#### ACTIVITY:
Once you reach the line with "项目占地面积约2.5万㎡,总" below, copy each line exactly, stopping after the line with "This kitchen is", and skip any pictures.

#### SOURCE INFORMATION:

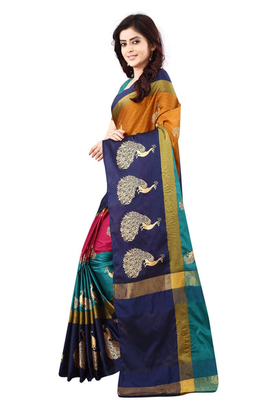 OM SAI LATEST CREATION Women's Z-card Cotton silk Foil Printing Lining Saree for Women Half Sarees Under 349 2020 Beautiful for Women Saree With Blouse Piece(Free Size) (Multi-Coloured)
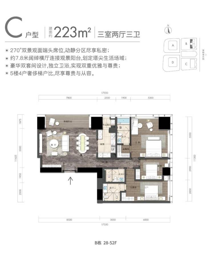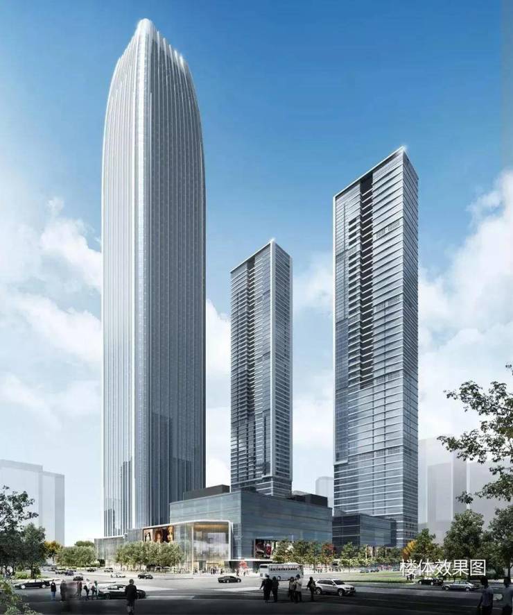 项目占地面积约2.5万㎡,总建面约41万㎡, 由三栋超高层建筑以及下沉式商业组成,其中写字楼高度约310m,公寓高度约255m,是集超甲级写字楼,顶级公寓,都会商业(约8万㎡)等业态于一体的超级综合体。
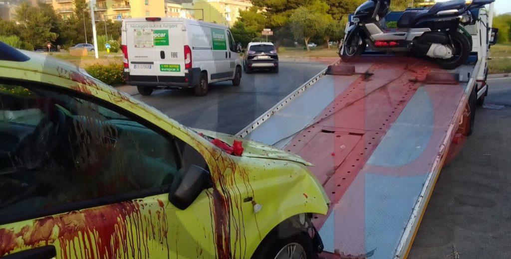 Una Fiat Panda fuori controllo, un violento impatto con uno scooter, poi lo schianto contro un furgone-mercato posizionato nel mezzo di una rotatoria e l’investimento di un pedone, schiacciato tra l’auto e il bancone della frutta. È la drammatica sequenza dell’incidente avvenuto nella giornata di ieri in via Lanza di Scalea, all’altezza dell’intersezione con via Fabio Besta, dove quattro persone sono rimaste ferite.
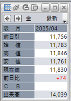 上:大阪取引所 金 2025年4月限 1分足
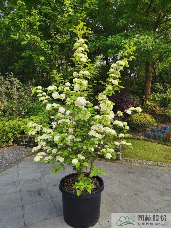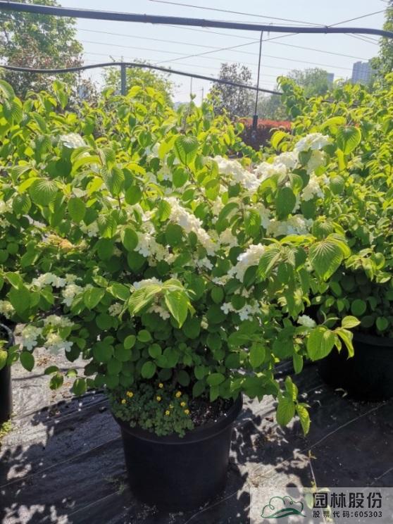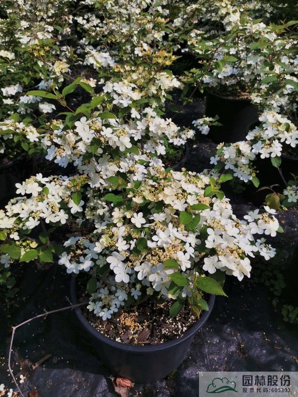 忍冬科莢蒾屬,落葉灌木,樹(shù)姿舒展。花序半球形,全為不孕花,開(kāi)花時(shí)滿樹(shù)白花猶如積雪壓枝,高潔素雅,花謝后則綠葉如碧,無(wú)論花葉均具有較好的景觀效果。生長(zhǎng)強(qiáng)健,喜歡散射光環(huán)境,適合工程應(yīng)用或庭院觀賞。
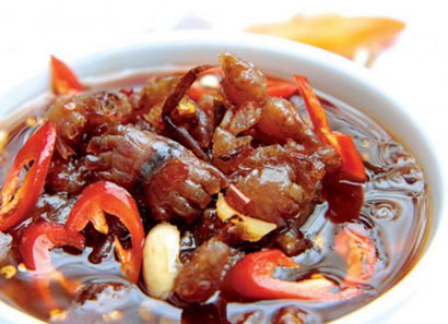 一位特别喜欢“酱”的主妇芳华说:“除了一些用鲜鱼为主要原料的酱外,还有一些用虾、小虾、螃蟹、海虫等为主原料的酱。谈到虾子酱,就会想到河内一种很特殊的菜,虾子酱炸豆腐米粉。而到了承天顺化省,又有一种虾酱,这种酸辣整虾酱,是用生虾去头加入盐、辣椒、下圆白茄子等做成,味道很不错。在越南南部酱类更多,比如同塔省的鱼内脏酱、坚江省的章鱼酱、金瓯省的江螃蟹酱、龙安省的小海蟹酱等等。”
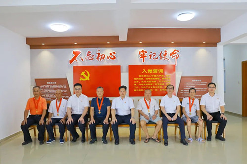 鄭曉堅為今年新增的50年黨齡黨員同志依次頒發并佩戴“光榮在黨50年”紀念章,并致以崇高的敬意和誠摯的問候。
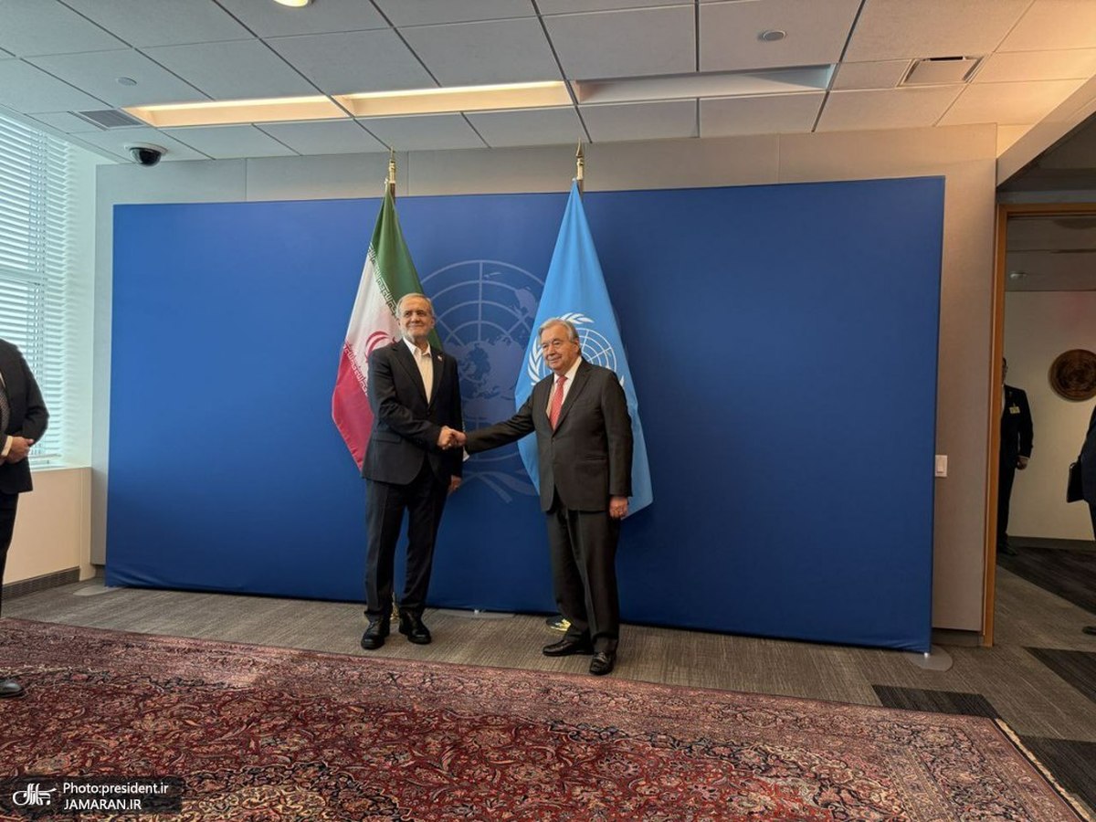 دیدار پزشکیان و دبیرکل سازمان ملل متحد در نیویورک + عکس
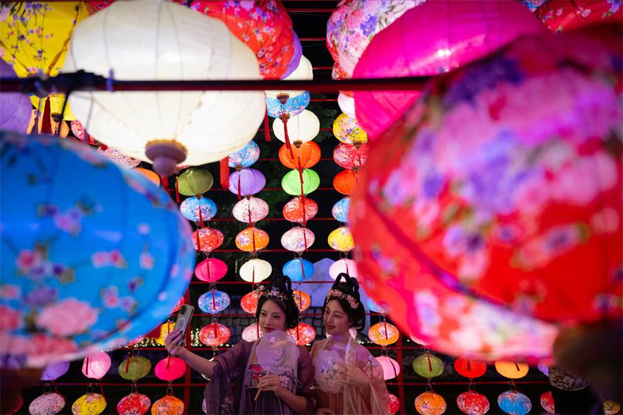 Women in traditional Chinese costumes take selfies at Mount Fortress in Macao. (Photo/Xinhua)
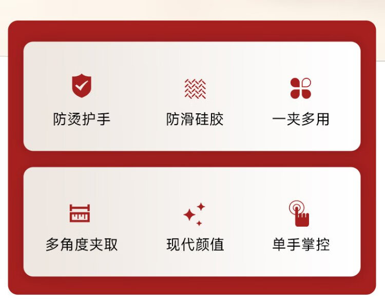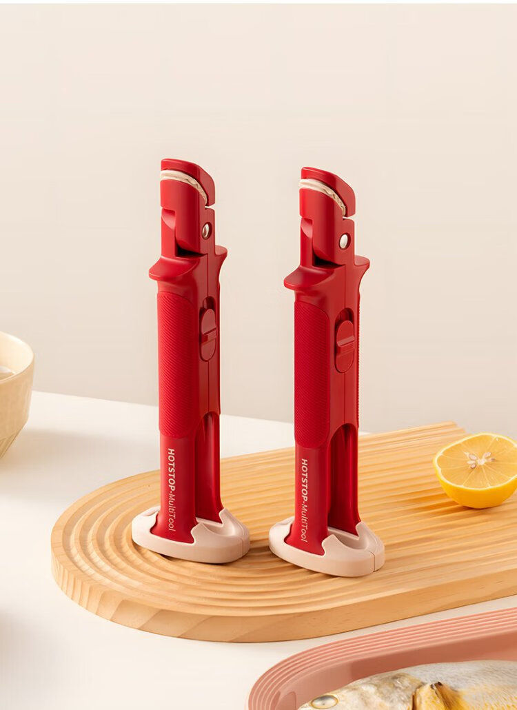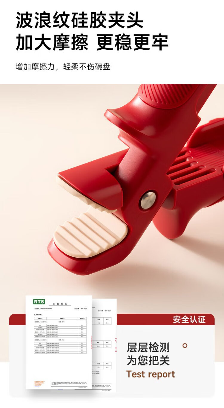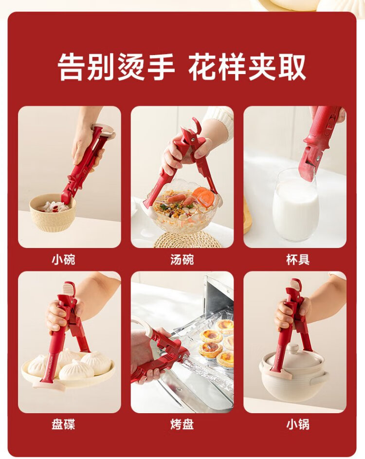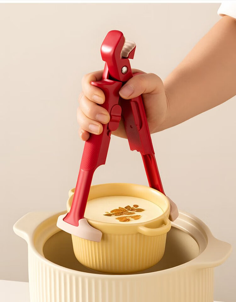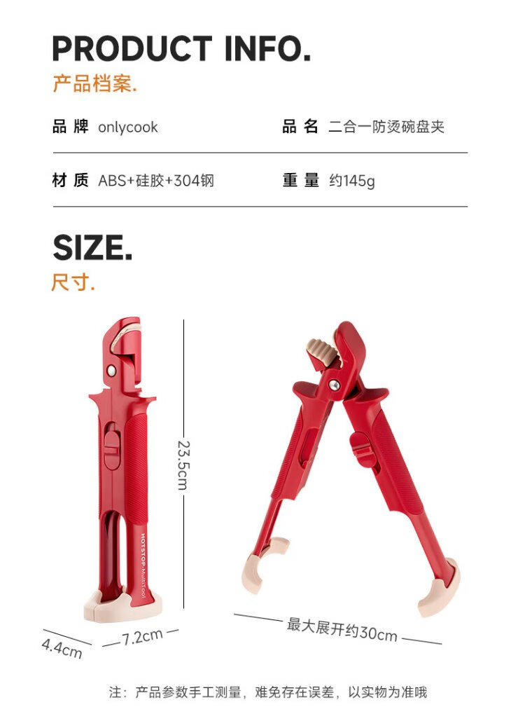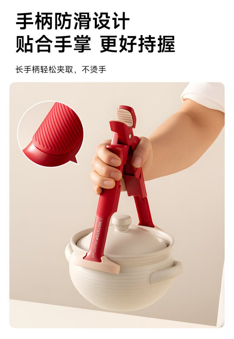 Onlycook two-in-one anti-scalding bowl clamp, anti-slip kitchen clamp, dish clamp, bowl clamp, steamer plate lifter, vegetable tongs - Chinese red
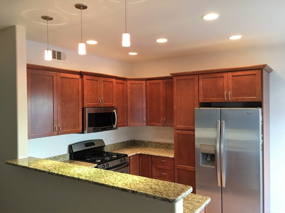 This kitchen is front and center when entering this efficient suburban condo. The couple wanted to have a warm, inviting space that blended with the living area. They are settled in now, cozy and happy. Design First Kitchen and Bath enjoys collaborating with Interior Designers, General Contractors and Remodelers as well as DIY’ers.
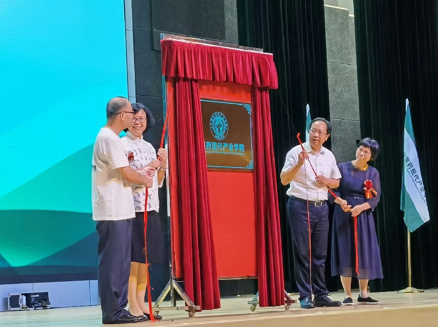 活動中,廣東藥科大學(xué)校長翟理祥研究員、云浮市政協(xié)主席梁麗嫻女士、君安醫(yī)生集團(tuán)董事長車軍先生和康芝藥業(yè)副董事長洪麗萍女士在儀式上分別致辭,并共同為“廣東藥科大學(xué)中醫(yī)藥現(xiàn)代產(chǎn)業(yè)學(xué)院”揭牌。
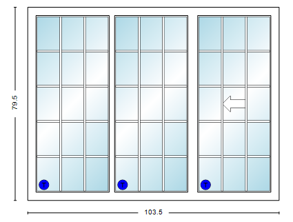 MI V3000 Series 9'0" X 6'8" Vinyl 3 Panel Sliding/Gliding Clear Dual Pane Low-E Argon Tempered Glass Knocked Down Patio Door 1617 Grilles/Screen Optional
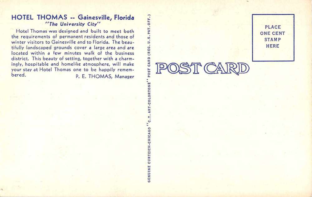 Gainesville Florida Hotel Thomas Linen Antique Postcard J52257
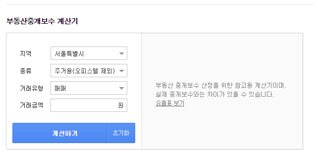 부동산 중개보수 요율표가 있지만 계산이 어렵거나 좀 더 간단하게 금액을 확인해 보고 싶다면
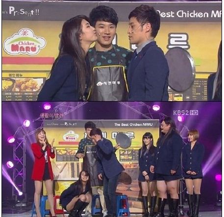이때 수지가 “잠깐”을 외치며 스튜디오에 모습을 드러냈지만 무대가 미끄러운 나머지 수지는 넘어지는 꽈당 굴욕을 당했다. 이런 와중에도 수지는 김준현과의 뽀뽀 해프닝에 적극적인 해명을 하고 나서 눈길을 끌었다.
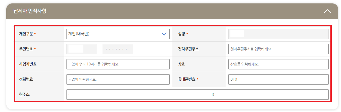 - 납세자의 휴대폰번호, 주소지 등 인저사항을 기재합니다.
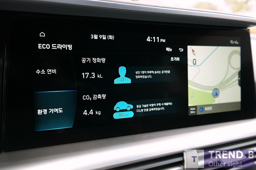 수소전기라는 유일무이한 동력원을 디스플레이를 통해서 정보를 전달하고 이를 통해서 친환경에 기여를 얼마만큼 했는지? 알려주는 정보 등은 넥쏘를 구입한 소비자들의 프라이드를 높여주기도 한다.
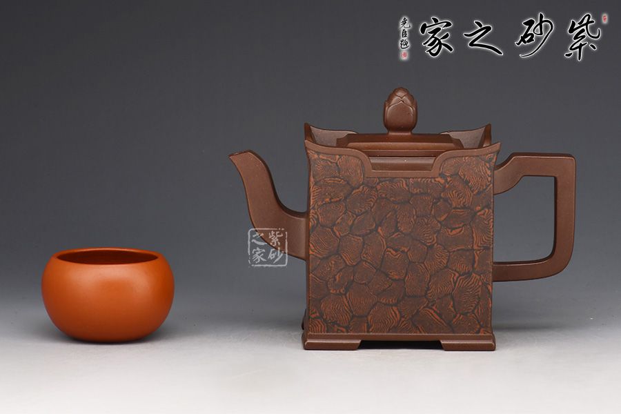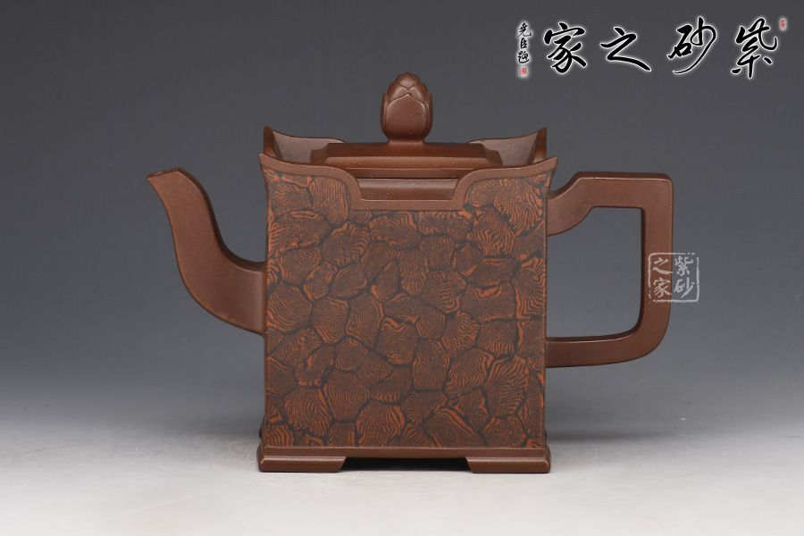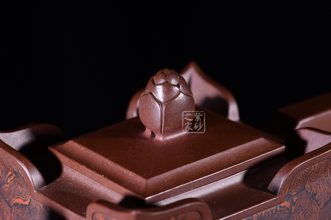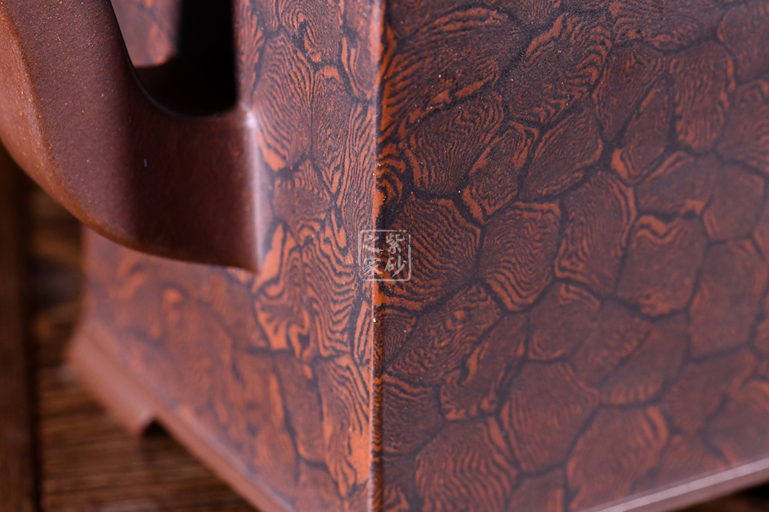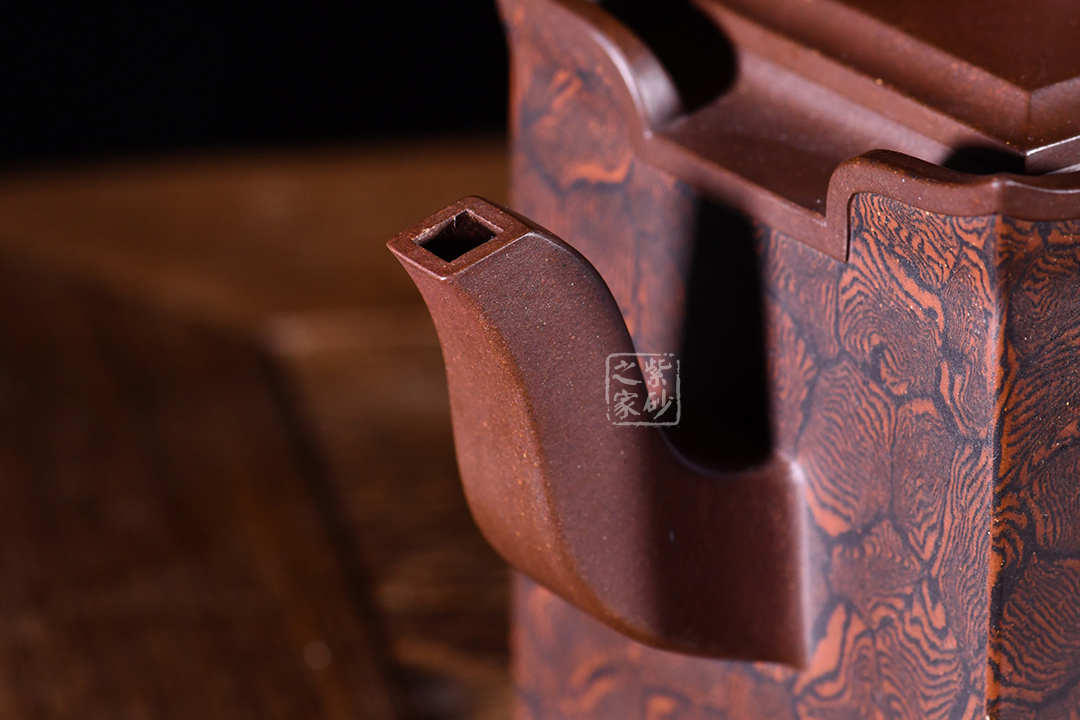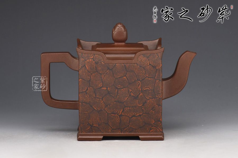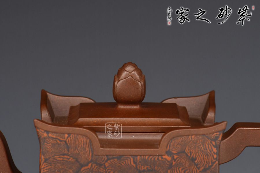 此壺以四方壺為形,身筒高挺端正。壺的所有部位與壺形體相稱,剛?cè)岵?jì),流把與壺身保持一致,,線條流暢自然,線面挺括平整,有棱有角。壺蓋與壺口相對(duì),此壺的亮點(diǎn)在于壺鈕,與壺身整體像一個(gè)修行的僧人,清心寡欲。
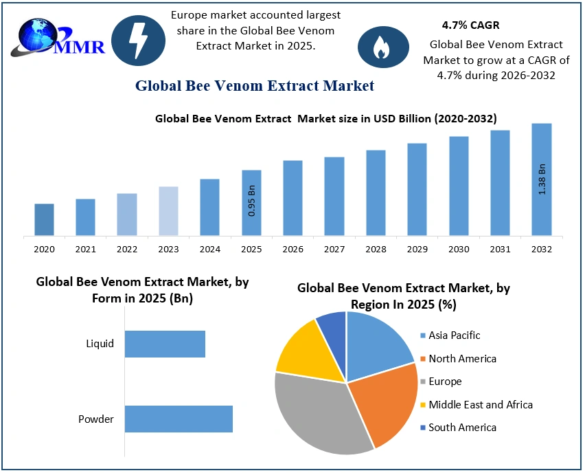 The global Bee Venom Extract Market is witnessing consistent growth, fueled by its increasing adoption across pharmaceutical and cosmetic industries. Valued at USD 0.95 billion in 2025, the market is projected to reach nearly USD 1.38 billion by 2032, expanding at a CAGR of 5.4% during the forecast period. The rising interest in natural bioactive compounds, coupled with advancements in extraction technologies, is significantly contributing to the market’s upward trajectory.

#### RESPONSE TO THE EXERCISE:
 项目占地面积约2.5万㎡,总建面约41万㎡, 由三栋超高层建筑以及下沉式商业组成,其中写字楼高度约310m,公寓高度约255m,是集超甲级写字楼,顶级公寓,都会商业(约8万㎡)等业态于一体的超级综合体。
 Una Fiat Panda fuori controllo, un violento impatto con uno scooter, poi lo schianto contro un furgone-mercato posizionato nel mezzo di una rotatoria e l’investimento di un pedone, schiacciato tra l’auto e il bancone della frutta. È la drammatica sequenza dell’incidente avvenuto nella giornata di ieri in via Lanza di Scalea, all’altezza dell’intersezione con via Fabio Besta, dove quattro persone sono rimaste ferite.
 上:大阪取引所 金 2025年4月限 1分足
 忍冬科莢蒾屬,落葉灌木,樹(shù)姿舒展。花序半球形,全為不孕花,開(kāi)花時(shí)滿樹(shù)白花猶如積雪壓枝,高潔素雅,花謝后則綠葉如碧,無(wú)論花葉均具有較好的景觀效果。生長(zhǎng)強(qiáng)健,喜歡散射光環(huán)境,適合工程應(yīng)用或庭院觀賞。
 一位特别喜欢“酱”的主妇芳华说:“除了一些用鲜鱼为主要原料的酱外,还有一些用虾、小虾、螃蟹、海虫等为主原料的酱。谈到虾子酱,就会想到河内一种很特殊的菜,虾子酱炸豆腐米粉。而到了承天顺化省,又有一种虾酱,这种酸辣整虾酱,是用生虾去头加入盐、辣椒、下圆白茄子等做成,味道很不错。在越南南部酱类更多,比如同塔省的鱼内脏酱、坚江省的章鱼酱、金瓯省的江螃蟹酱、龙安省的小海蟹酱等等。”
 鄭曉堅為今年新增的50年黨齡黨員同志依次頒發并佩戴“光榮在黨50年”紀念章,并致以崇高的敬意和誠摯的問候。
 دیدار پزشکیان و دبیرکل سازمان ملل متحد در نیویورک + عکس
 Women in traditional Chinese costumes take selfies at Mount Fortress in Macao. (Photo/Xinhua)
 Onlycook two-in-one anti-scalding bowl clamp, anti-slip kitchen clamp, dish clamp, bowl clamp, steamer plate lifter, vegetable tongs - Chinese red
 This kitchen is front and center when entering this efficient suburban condo. The couple wanted to have a warm, inviting space that blended with the living area. They are settled in now, cozy and happy. Design First Kitchen and Bath enjoys collaborating with Interior Designers, General Contractors and Remodelers as well as DIY’ers.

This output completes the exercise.